It’s been a long time since my last post. It’s not that I haven’t been cooking and taking photos; it’s just that I haven’t been making the time to sit down and write about it. I write blogs and do social media for four companies, and I get paid to do that. I don’t get paid to do this blog, so the other stuff tends to take priority. By the time I’m finished with the other stuff, I’m usually all written out. But Wednesday my mom and I made something that reminded me of my childhood, and I simply had to share it.
Gray is on spring break both this week and next week. We talked about going somewhere, but Matt is ‘testing out retirement’ and enjoying it a bit too much. He’d been planning for some time to tear down his old shop and build a bigger, better barn, and now that dream is finally becoming a reality.
He’s so focused on working on building that I cannot seem to tear him away for even a few days, so Gray and I decided to visit my parents. There we were, our last day before heading back to Tennessee, and I started working on my mom. It was clear that I wanted something, so she finally just said, “Spit it out. What do you want?” “Will you make me some caramel corn?” I asked. And so the adventure began.

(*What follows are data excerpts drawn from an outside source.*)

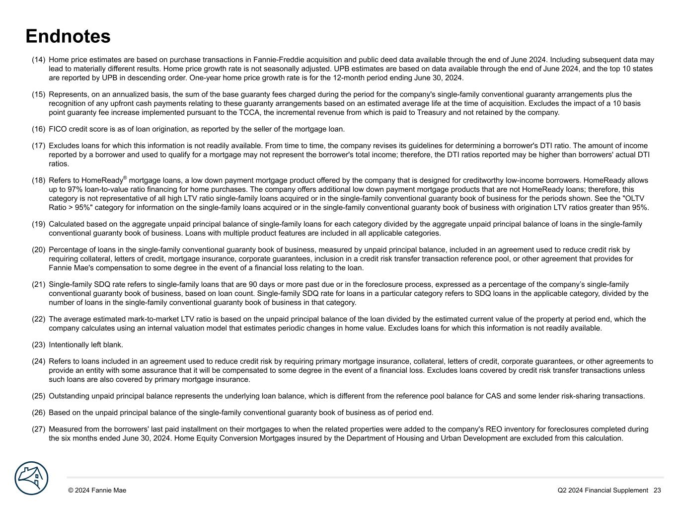 Q2 2024 Financial Supplement 23© 2024 Fannie Mae DRAFT Endnotes (14) Home price estimates are based on purchase transactions in Fannie-Freddie acquisition and public deed data available through the end of June 2024. Including subsequent data may lead to materially different results. Home price growth rate is not seasonally adjusted. UPB estimates are based on data available through the end of June 2024, and the top 10 states are reported by UPB in descending order. One-year home price growth rate is for the 12-month period ending June 30, 2024. (15) Represents, on an annualized basis, the sum of the base guaranty fees charged during the period for the company's single-family conventional guaranty arrangements plus the recognition of any upfront cash payments relating to these guaranty arrangements based on an estimated average life at the time of acquisition. Excludes the impact of a 10 basis point guaranty fee increase implemented pursuant to the TCCA, the incremental revenue from which is paid to Treasury and not retained by the company. (16) FICO credit score is as of loan origination, as reported by the seller of the mortgage loan. (17) Excludes loans for which this information is not readily available. From time to time, the company revises its guidelines for determining a borrower's DTI ratio. The amount of income reported by a borrower and used to qualify for a mortgage may not represent the borrower's total income; therefore, the DTI ratios reported may be higher than borrowers' actual DTI ratios. (18) Refers to HomeReady® mortgage loans, a low down payment mortgage product offered by the company that is designed for creditworthy low-income borrowers. HomeReady allows up to 97% loan-to-value ratio financing for home purchases. The company offers additional low down payment mortgage products that are not HomeReady loans; therefore, this category is not representative of all high LTV ratio single-family loans acquired or in the single-family conventional guaranty book of business for the periods shown. See the "OLTV Ratio > 95%" category for information on the single-family loans acquired or in the single-family conventional guaranty book of business with origination LTV ratios greater than 95%. (19) Calculated based on the aggregate unpaid principal balance of single-family loans for each category divided by the aggregate unpaid principal balance of loans in the single-family conventional guaranty book of business. Loans with multiple product features are included in all applicable categories. (20) Percentage of loans in the single-family conventional guaranty book of business, measured by unpaid principal balance, included in an agreement used to reduce credit risk by requiring collateral, letters of credit, mortgage insurance, corporate guarantees, inclusion in a credit risk transfer transaction reference pool, or other agreement that provides for Fannie Mae's compensation to some degree in the event of a financial loss relating to the loan. (21) Single-family SDQ rate refers to single-family loans that are 90 days or more past due or in the foreclosure process, expressed as a percentage of the company’s single-family conventional guaranty book of business, based on loan count. Single-family SDQ rate for loans in a particular category refers to SDQ loans in the applicable category, divided by the number of loans in the single-family conventional guaranty book of business in that category. (22) The average estimated mark-to-market LTV ratio is based on the unpaid principal balance of the loan divided by the estimated current value of the property at period end, which the company calculates using an internal valuation model that estimates periodic changes in home value. Excludes loans for which this information is not readily available. (23) Intentionally left blank. (24) Refers to loans included in an agreement used to reduce credit risk by requiring primary mortgage insurance, collateral, letters of credit, corporate guarantees, or other agreements to provide an entity with some assurance that it will be compensated to some degree in the event of a financial loss. Excludes loans covered by credit risk transfer transactions unless such loans are also covered by primary mortgage insurance. (25) Outstanding unpaid principal balance represents the underlying loan balance, which is different from the reference pool balance for CAS and some lender risk-sharing transactions. (26) Based on the unpaid principal balance of the single-family conventional guaranty book of business as of period end. (27) Measured from the borrowers' last paid installment on their mortgages to when the related properties were added to the company's REO inventory for foreclosures completed during the six months ended June 30, 2024. Home Equity Conversion Mortgages insured by the Department of Housing and Urban Development are excluded from this calculation.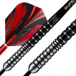 Predator darts have been created with 3 prominent grip zones which cover the length of the barrel to appeal to front, middle and rear grippers. The tapered barrels have been designed to ensure consistent finger positioning with an intense feel. The dart is coated in black titanium nitride and precisely re-machined to produce a sleek and stylish dart. The darts are match weighed to +/- 0.05 grams and fitted with Black/Red Midi Supergrip Fusion shafts and new Predator flights.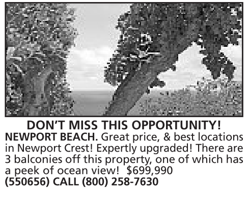 NEWPORTBEACH. Great price, &best locations in Newport Crest! Expertly upgraded! There are 3balconies off this property, one of which has a peek of ocean view! $699,990 (550656) CALL (800) 258-7630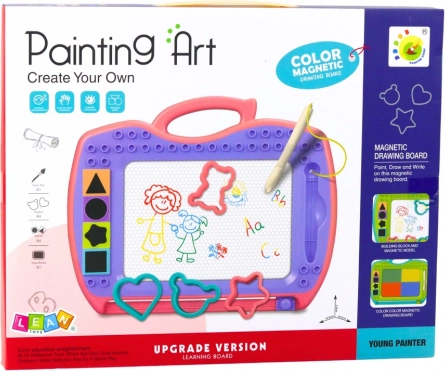 Set vsebuje štiri različne štampiljke in štiri šablone za prekrivanje, ki podpirajo razvoj ustvarjalnosti in omogočajo lahke prve korake v risanju. Barvno magnetno polje pritegne otrokovo pozornost in kompaktne dimenzije skupaj s praktično ročko omogočajo enostavno prenašanje table kamor koli - na sprehod, v avto ali na pot.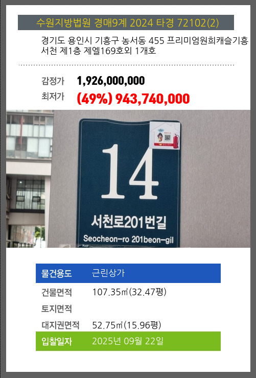 본건은 경기도 용인시 기흥구 농서동 455 프리미엄원희캐슬기흥서천 제1층 제엘169호외 1개호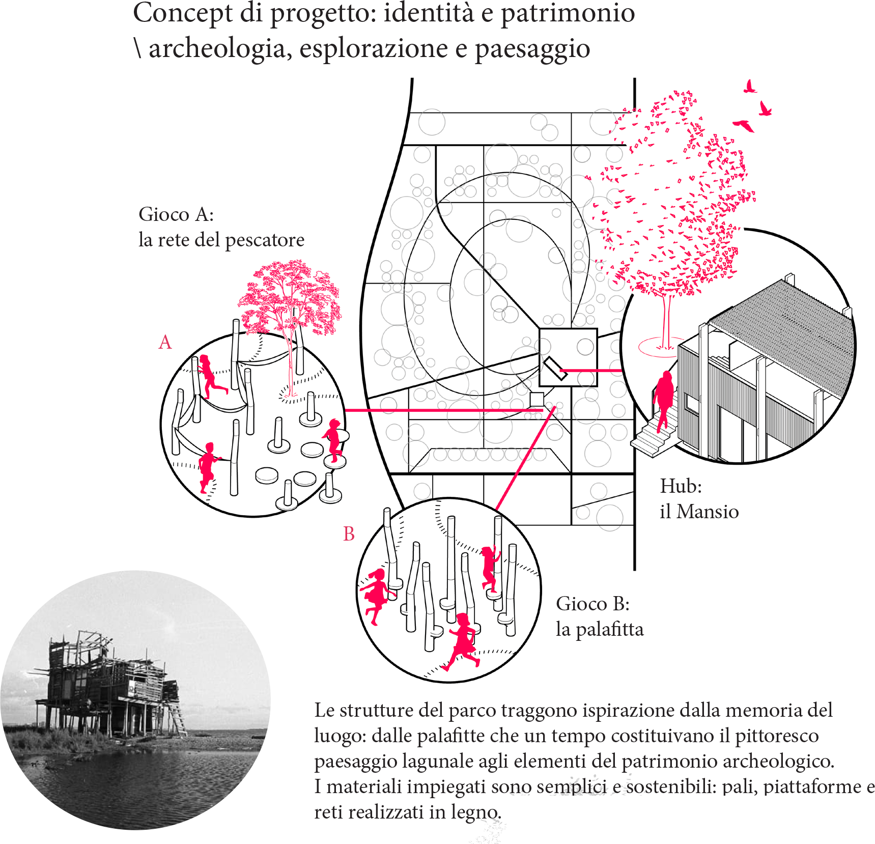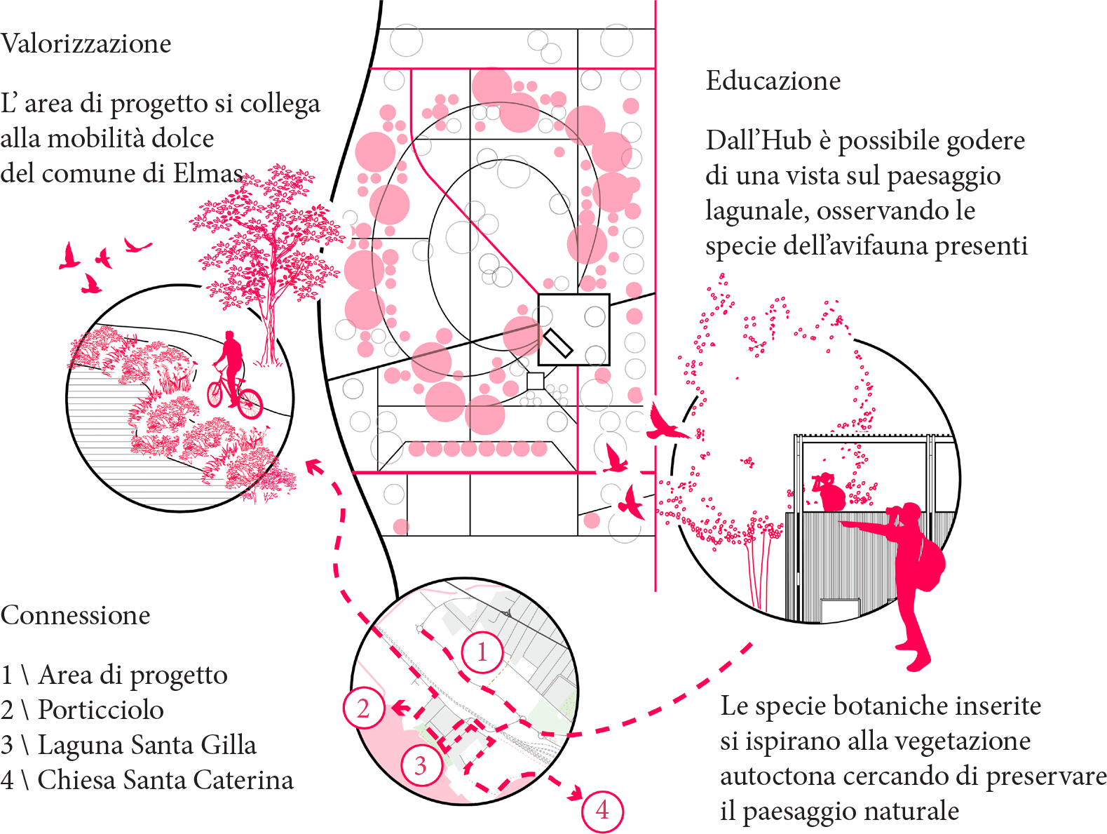 Il paesaggio dell’acqua, i campi agricoli, il tessuto urbano esistente, sfumano e si uniscono in un luogo di interconnessione dalla forma anulare, quasi ellittica, figura dinamica dell’incontro.
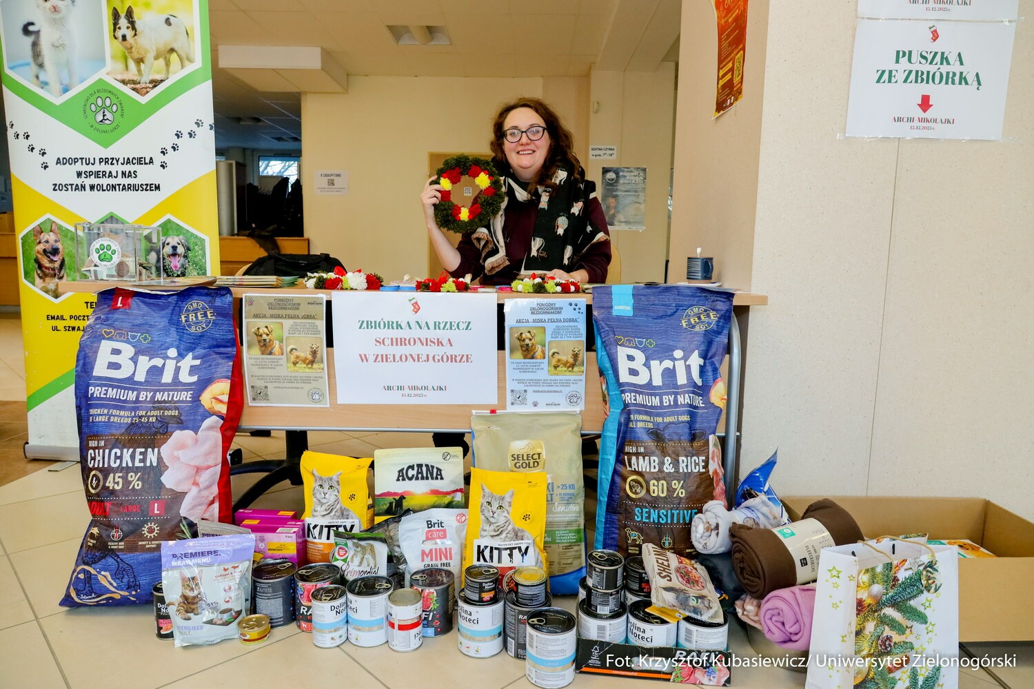 Swoją cegiełkę dla Schroniska dla bezdomnych zwierząt dorzuciła także Rada Studentów z Niepełnosprawnościami UZ, która zorganizowała tygodniową zbiórkę na kampusie B. Można było wówczas ofiarować karmę, koce oraz akcesoria.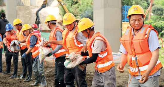 項目組織開展防汛聯(lián)合應(yīng)急演練,搶險人員搬運沙袋加固臨時攔水渠。
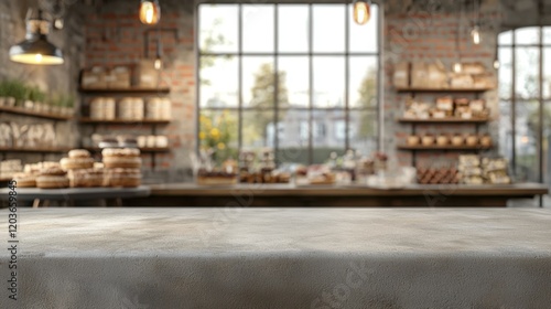 Empty stone marble table top in blurred bakery background. Blank nature textured rock desktop for product display in abstract blurred food shop backdrop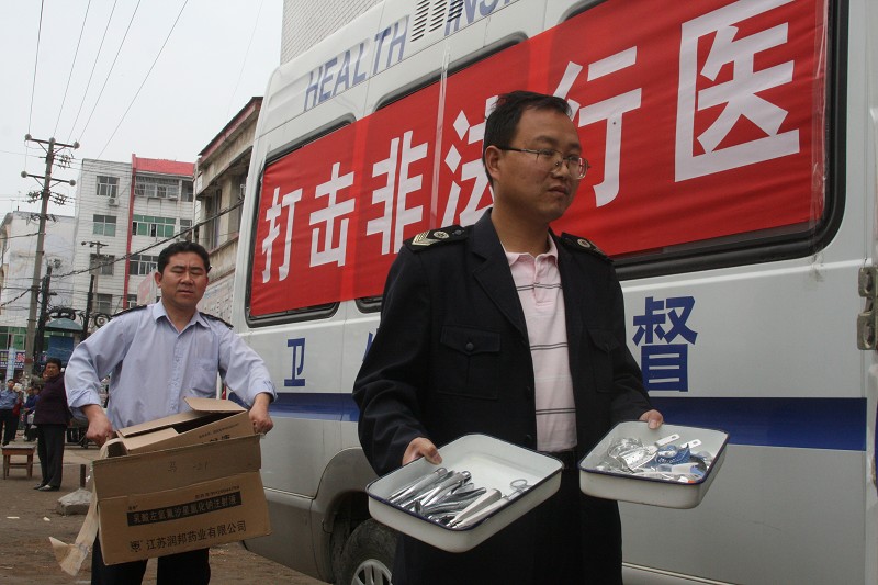 昨日,市卫生执法人员收缴了一批药品及医疗器械。为切实维护广大群众的切身利益,市卫生监督局联合公安等部门开展医疗市场整治,当日查处五家非法行医点。(本报记者 杨闻名 通讯员 梅仁波 摄)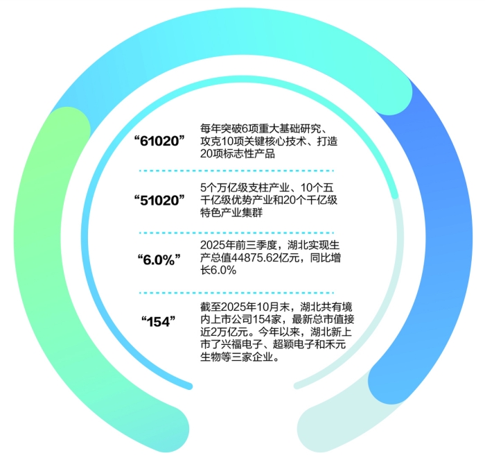 | "61020" | 每年突破6项重大基础研究、 攻克10项关键核心技术、打造 | | --- | --- | | | 20项标志性产品 | | | 5个万亿级支柱产业、10个五 | | "51020" | 干亿级优势产业和20个干亿级 | | | 特色产业集群 | | | 2025年前三季度,湖北实现生 | | "6.0%" | 产总值44875.62亿元,同比增 156.0% | | | 截至2025年10月末,湖北共有境 | | "154" | 内上市公司154家,最新总市值接 | | | 近2万亿元。今年以来,湖北新上 | | | 市了兴福电子、超颖电子和未元 | | | 生物等三家企业。 | 湖北有"数" ...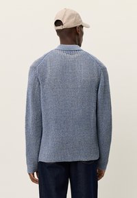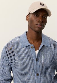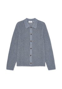 Ανοιχτό μπλε πλεκτή ζακέτα με γιακά, κουμπιά στο μπροστινό μέρος και υφή με σχέδιο. Φοριέται πάνω από λευκό πουκάμισο και σκούρο τζιν παντελόνι.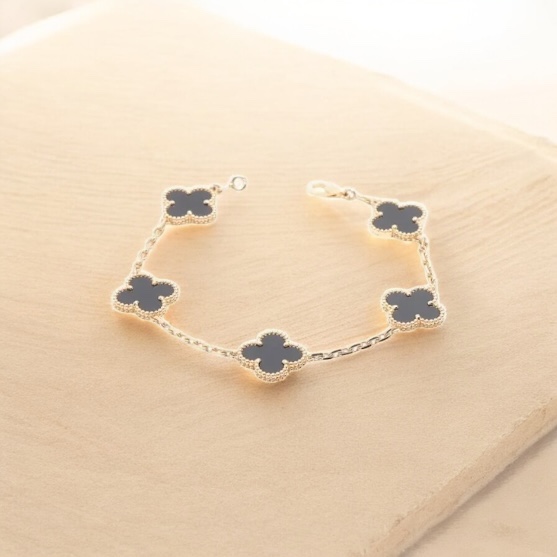 アルハンブラは1968年に誕生し、「幸運のモチーフ」として世界中で親しまれてきました。オニキスは深みのあるブラックカラーが特徴で、ゴールドとのコントラストが美しく、装いを引き締める存在感があります。ブレスレットタイプは手元にさりげない上品さを添え、季節やシーンを問わず使える点が大きな魅力です。流行に左右されないデザインであることから、長く価値を保ちやすいジュエリーとして評価されています。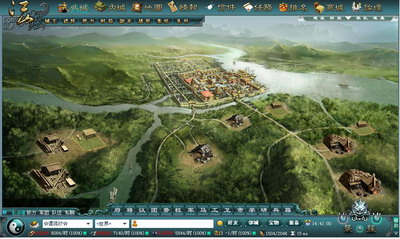 《江山》中的江南一派取材自五胡乱华后南迁的晋朝,所以,建筑风格上无处不显汉人之风。青瓦,红漆,白墙……我们可以看到庄严肃穆的官邸,雍容华丽的皇宫,绿意环绕的民宅。江南的建筑总会很自然的与周围的环境融为一体,桃枝,荷叶,芦苇,石桥点缀其间,形成一幅美轮美奂,细腻柔和,生机盎然的历史画卷。江南的科技与文化较其他两派具有较高的优势,后期高级兵种,比如凤凰弓手,三弓床弩,铁甲井栏这样的远程与器械兵种较为强大。

Grandma Butler’s Caramel Popcorn
- 3 quarts popped corn (the good stuff made on the stove)
- 1/2 cup brown sugar
- 1/2 cup karo syrup
- 3/4 cup granulated sugar
- 1/2 cup water
- 1/2 teaspoon salt
Cook the above ingredients to crackle or hardball stage, and it spins a thread. Remove from the heat and add:
- 2 teaspoons butter
- 1/2 teaspoon soda
- 1/2 teaspoon vanilla
Pour over the popped corn and mix well.
And as we made it, we reminisced about how my grandma did it, never using a thermometer (of course, we did)…..testing for it to spin like thread, and always knowing when it was perfectly done. The funniest part was that Gray had never had popcorn cooked on the stove with oil. He liked that better than the actual caramel corn, which by the way, I ate my weight in.
As always, I could not leave well enough alone. I had to put some on a cookie sheet and drizzle it with melted milk and white chocolate. I’m pretty sure my grandma wouldn’t mind.
And Matt Mitchell, your half is not at the bottom of the container.